He heard Antoninus saying, ‘I’ll wager that a person who managed to climb up to the top of one of those mountains could see the confines of the earth on every side, and the current of the Ocean surrounding it.’

‘No one can climb that high. Anyone who has got even close has returned with terrible tales to tell. It is impossible to advance beyond a certain limit, if nothing else because the cold is so intense that it would kill anyone who was exposed to it, even for the briefest time,’ said Daruma, guessing at the possible intent behind Antoninus’s words. ‘But also because the air is so rarefied it becomes unbreathable.’

Their conversation did not last long, because all their energies were consumed by the uphill march, which left them light-headed and panting.

Metellus noticed that the natives were rather short, with very wide chests that must help them breathe more deeply. He also noticed several cube-shaped stone constructions, topped by a dome or sometimes a spire, along their route. They looked very old indeed. When they stopped to rest, he asked Daruma what they were.

‘In our language they’re called
stupa
,’ replied the merchant. ‘The first one was built to preserve the remains of one of our philosophers. He was a prophet, a miracle-worker – I don’t know the word for that in
koinè
. Later they simply became monuments to recall his preaching and his endeavours. His name was Siddhartha, but he has become known as Buddha, which means “the enlightened one”.

‘His word has reached China as well, and you will find his image in many places. Most monuments portray him in meditation, which is the way he achieved enlightenment.’

‘Does Dan Qing’s
tao
have something to do with the teachings of this philosopher?’

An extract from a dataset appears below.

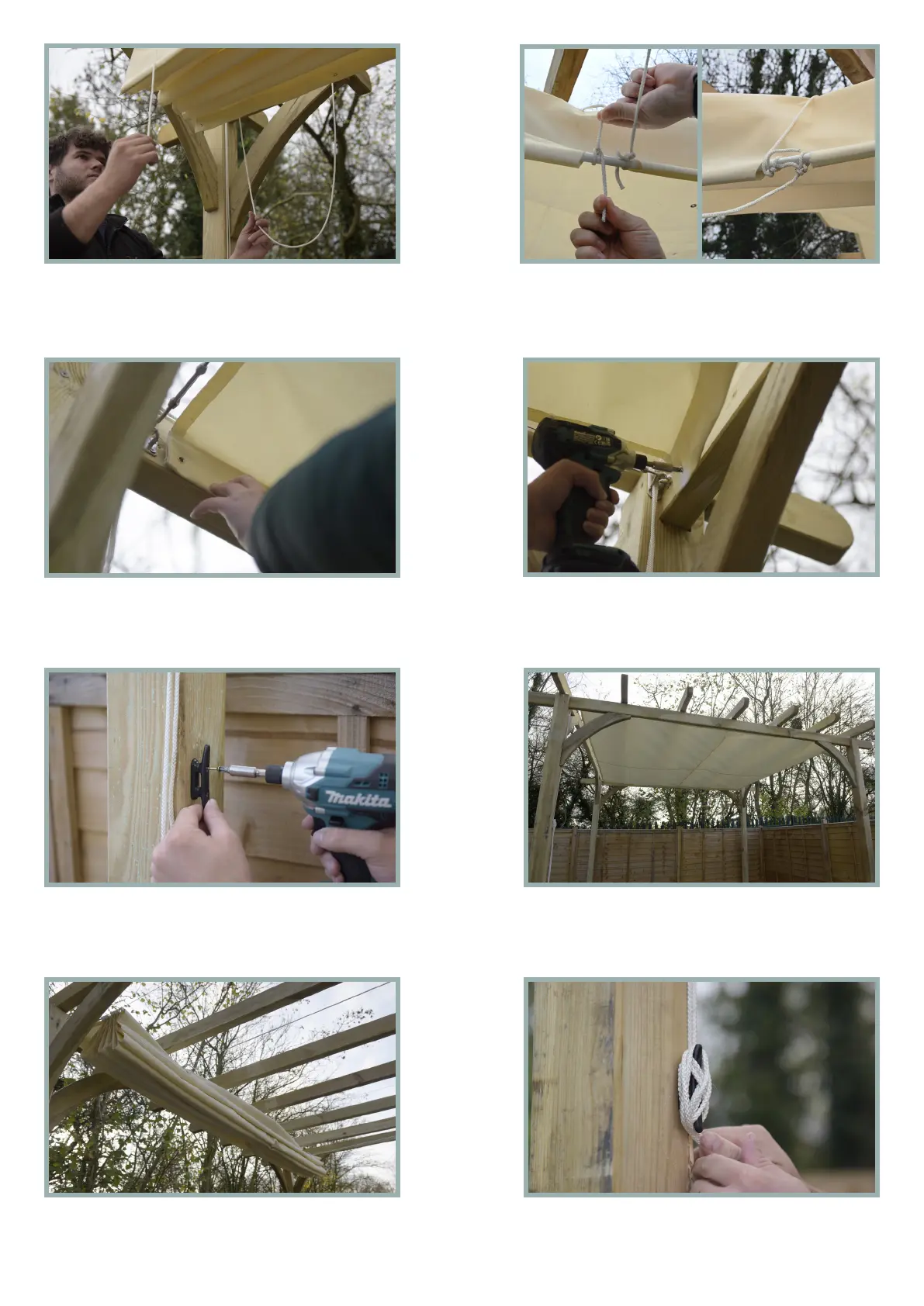 tied rope at the back of the pergola. Ensure the

‘Yes, in part. The prince’s master is a man who believes profoundly in both philosophies: that of Buddha and that of the Chinese wise men Master Kong Fuzi and Master Lao Tze. You see, Commander, the path of illumination is . . .’

Metellus interrupted him with a sigh of ill-disguised impatience. ‘I fear it won’t be easy for me to follow you on this ground, Daruma. You ask too much of a simple soldier.’

Daruma smiled. ‘Don’t let it worry you. I couldn’t have gone on much further myself. I’m nothing but a merchant.’

‘I’m not so sure of that,’ replied Metellus, ‘but we’ll still have quite some time to get to know each other. As far as philosophers and prophets are concerned, I’ve always avoided them like the plague.’

‘Why?’ asked Daruma. ‘Are you perhaps afraid to measure yourself up against someone whose thoughts have gone far beyond your own?’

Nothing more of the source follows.